I never really thought about the Jewish population of Prague. Obviously, there is/was one, but the Budapest population seems to attract much more attention so Prague’s Jewish history was new for me. In Old Town, there is an old Jewish quarter with a few sights so we started the day there.


Some of the synagogues were relatively new looking and were built on the foundations of very old synagogues.
The Old-New Synagogue had a strong gothic cathedral resemblance, although on a smaller scale. Classic gothic arches stretched across the ceilings, ornate iron chandeliers illuminated the place, and it even had the wooden seats lining the edge that I associate with cloisters or church choirs. Unlike a church, however, the synagogue had only a modest ark at the front rather than an ornate pulpit.




The Spanish Synagogue reminded me a lot of the great synagogue in Budapest, but much smaller (and more modest). It had the high ceilings with balconies for the women, the ornate ceiling, and the gold gilding all over.
Lastly, the Maisel Synagogue, which was the most contemporary and honestly, least interesting.

Since it was a nice day, we turned our sights on the Charles Bridge and Prague Castle. I have no idea what story the statuary on the Charles Bridge is trying to tell, but it must be quite the saga given the broad range of imagery.





I know we walked up to Prague Castle last time we were here, but for some reason, we didn’t go in, so we decided to go see what the castle complex had to offer. The Castle itself is more interesting from the exterior than the interior – it’s just a large, cold, mostly empty stone castle – but the church buildings around it were gorgeous.








At the end of the 15th century, the castle constructed new fortifying walls which included a row of tiny, colorful houses initially meant for castle security but later becoming homes to alchemists, goldsmiths, artists, and writes, including Franz Kafka.

We wrapped up the day with a hike over to a hilltop beer garden. Amazing views of the city, good beer, and great company.

The next day was rainy, and so we planned to do some thrift and vintage shopping with kiddo. Prague has a good number of such shops and so we trekked all over the city finding some cute things and some, well, let’s just say some interesting things.

We stopped for lunch at an outside food vendor.
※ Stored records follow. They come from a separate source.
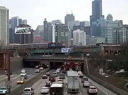 Where Hubbard Street crosses over the Kennedy Expressway, there is a long underpass popularly known as Hubbard's Cave. The underpass is about a quarter of a mile in length, and actually extends from Hubbard Street to Wayman Street. This tunnel-like section of the expressway was very dark to drive through until lights were added in 1962.[1][2]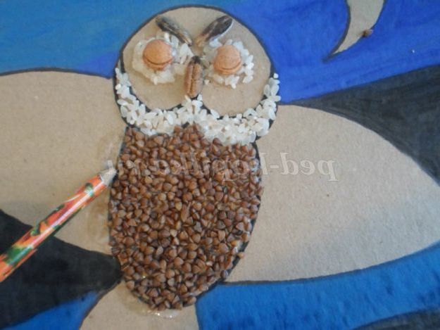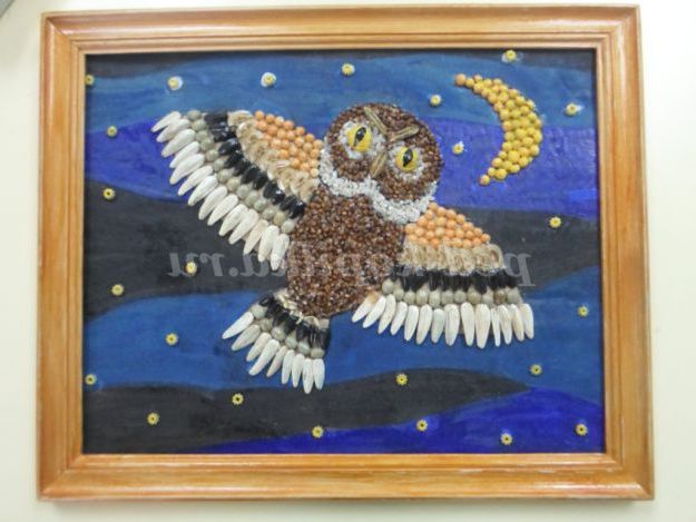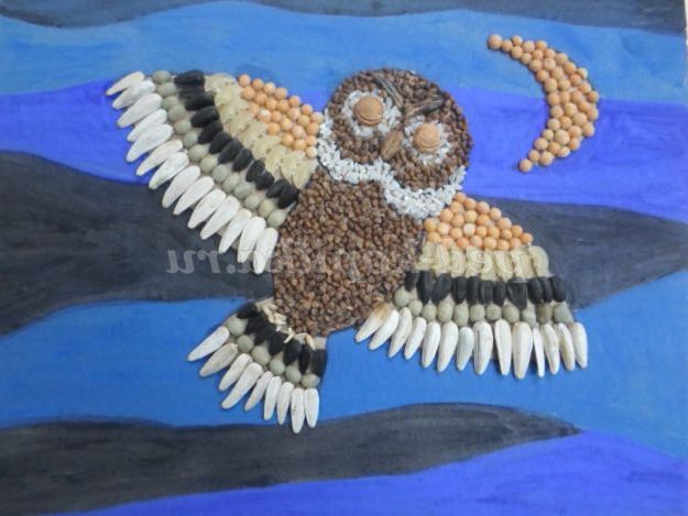 Нанести клей на крила і викласти їх за своїм бажанням. Ми використовували білі та чорні насіння, горох, зелена кава, макарони.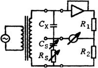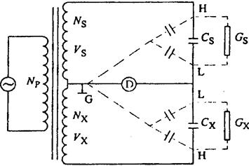 释义 | 电容计量 1.电容器 电容计量的目的是用由计算电容复现的电容单位量值标定待测电容器的电容量。由于计算电容复现的电容量很小,仅有0.5pF,而且操作复杂,为了适应检定工作的需要,设立了由四只标称值为10pF的石英电容器组成的电容单位国家副基准,其数值由计算电容测定,然后再传递到一系列范围宽广的电容量值。实用的范围为0.0001pF~1F,跨越16个数量级。为了保存这么宽范围的电容量值,需要不同种类的标准电容器,如表6.4-1所示。 表6.4-1 不同量限电容量使用的标准电容器 标准电容器的稳定度以石英电容器为最好,可达到10-6/年量级。空气电容器和云母电容器可达到10-5~10-6/年,涤纶电容器及电子等效电容的特点是容量很大,但稳定性只能达到达10-3~10-2/年,除了电容器的稳定性,标准电容器的损角也是一个重要参数,损角越小,表示电容的阻抗越接近理想的容抗,密封电容器的损耗可小到10-6量级,因此也常用作损角标准。石英电容器的损耗可小到10-5量级,云母电容为10-4~10-5,塑料膜电容器为10-3~10-4,变压器等效电容则为10-2~10-3。 近年来由于计算机电源的需要,大容量电容的计量工作的需求较多,有的电容器容量已达1F,这些电容多半是电解电容,但电解电容的准确度不易做高,作为大容量的标准电容,必须想别的办法。变压器等效电容就是为此目的而设计的一种大容量标准电容,其原理如图6.4-1所示,如果变压器的变比为N,则从原边看,接在次级的电容量C的等效电容为N2C,如果N=1000,C=1μF,等效电容就为1F,而1μF的电容是可以用塑料膜电容,体积不很大,而稳定性可达到10-3量级,适合于大容量标准电容的需要。 图6.4-1 变压器等效电容 大容量电容标准的另一问题是其阻抗较低需用四端纽接法,因此在图6.4-1的右侧又接了另一个变压器作为电压互感器,其变比也是N,这样,图6.4-1的变压器等效电容器就成了一个名义值为N2C的四端大容量标准。 2.标准电容的检定方法及测量仪器 电容量值一般都是用交流电桥进行测量。传统的交流电桥是由阻抗元件构成,图6.4-2给出了常用的测量电容量和损耗角的西林电桥。图中,被测臂电容器用等效串联电路表示,标准臂电容器CS按理想元件定义,它通常是高质量的十进电容器并带有一个可微调的可变电容;C1和R1、R2为可调电容和电阻,构成比例臂。电桥平衡时,被测电容Cx及其等效串联电阻值RX和损耗因数DX可由下式求出。 图6.4-2 西林电桥原理电路图 由上述表达式可看出,电桥的平衡方程与频率无关,但损耗因数的表达式与频率有关,因此,电容盘C1应在不同频率下进行过检定,使用在6.4-10式时要加频率修正。 图6.4-2所示的西林电桥,当将其被测臂和C1、R1臂的位置对调,且标准臂和被测臂均为固定电容器时,则成为高压西林电桥。因为此时电桥的调节部分均置于指零仪的另一边,若在标准臂和被测臂的公共接点处的电源端接入较高的电压,由于标准臂和被测臂的电容器的降压作用,可使指零仪和比例臂的调节装置仍处于低电压状态。这种电桥广泛应用于高电压下测量绝缘材料的介质损耗及高压电容器。根据标准电容器和被测元件的不同要求,其电源电压可由100V至高达20kV,工作频率一般在50~100H2范围。 上述这种由阻抗元件构成的交流电桥,测量准确度不超过10-4量级,因此对于一些准确度要求高的测量,一般都采用替代法。替代法测量的准确度主要取决于所用标准器的准确度等级及装置的分辨率。 五十年代开始发展起来的变压器电桥,比传统的交流电桥能更好地满足电容精密测量的要求。这种电桥的原理如图6.4-3所示,电桥的比例臂用感应分压器的两个绕组构成,这两个绕组称为比例绕组,用相互耦合得很紧的绞合线构成,并用高μ合金构成镯环型铁心(见图6.4-4)。这样,比例绕组耦合的基本上是同一公共磁通,产生的感应电势就严格地与比例绕组的匝数成为正比,因此可以达到很高的比例准确度。精心制作的比例绕组其感应电势的比例准确度可达到10-6~10-9。 图6.4-3 变压器电桥的原理线路 图6.4-3的变压器电桥平衡时,可得 Vs(jωCs+Gs)=Vx(jωCX+Gx) (6.4-11) 将上式分成实部和虚部两个等式,整理后得 图6.4-3中电桥的接地点G选择在两比例臂的连接处,这样,标准和被测电容的高端H及低端L对地的电容对上述平衡方程式不产生影响,因为两个H点对G点的电容是并接在变压器的两端,只是增加了副端绕组的负载电流,而并不影响其输出电压VS和VX的值。 图6.4-4 用环形铁芯及绞合线绕组构成的感应分压器 电桥的不平衡量可用灵敏的交流指零仪D指示,采用相检波技术的指零仪,可以检出10-8~10-9量级的不平衡量。另一方面,相检波指零仪可以很好的检出90°分量,即反应电容的相角分量,因此,此种电桥也可用于电容损角测量。 变压器电桥常用的比例为1:1,1:10和1:100。1:1比例用于同名义值电容的比较,1:10和1:100则用于十进电容量值之间的传递。 图6.4-3的变压器电桥主要适合小容量电容器的测量,对于大容量电容器,引线的影响不能忽略,因此需用四端钮测量线路,图6.4-5中就是一例。四端钮接法的CS和CX上的电压经运算放大器匹配后供给电阻分压器,就避免了引线阻抗的影响。由于电阻分压器的分压比可以做得很大,CS可以用1μF左右的标准电容箱,RS则用于平衡损角。 图6.4-5 适合于大电容测量的变压器电桥 上述电桥均为手动接法,运用现代电子技术的成就可以组成自动测量的

When Luke and I were here forever ago, there were food stalls all over Wenceslas Square but they have been eliminated. I really wanted to try one of Prague’s famous street food items – a giant potato pancake – and so we put our pride aside and went to one of the vendors on Old Town Square. Your menu options here are potato pancakes or ham, cut off the giant ham on the charcoal smoker out front. That’s it, and you don’t need anything else.


At this point, we kind of felt like we’d done about as much of the city as we wanted – Prague isn’t that big – and so I researched day trips. There’s a town about an hour away that is famous for having a church made of bones (I have so many questions), and so we boarded the early train into the Czech countryside toward the town of Kutná Hora to see what this is all about.

The Sedlec Ossuary isn’t technically made of bones – it is decorated with bones. I still have questions and they will apparently remain unanswered as there were paltry infographics in the church. They also don’t allow pictures, so I only have a few illicit ones.




Well, I am glad this trip didn’t end without at least one weird sight. As Anna-Sophia noted, we do the strangest things on our trips (shark cage diving, sleeping under the starts on the Botswana salt pan, going to the DMZ in Korea, and so on). Well, I think that just makes the experiences all the more memorable! I’ll take a weird experience over a boring one any day!
We got back to the city and went to a jazz performance. Luke and I went to a tiny underground jazz venue when we were here last, and while I highly doubted we would find the place again (or if it would even still exist), I am pleased to report that we DID find it! In fact, when they took us to the table I reserved, we discovered it was the exact same table. Hah!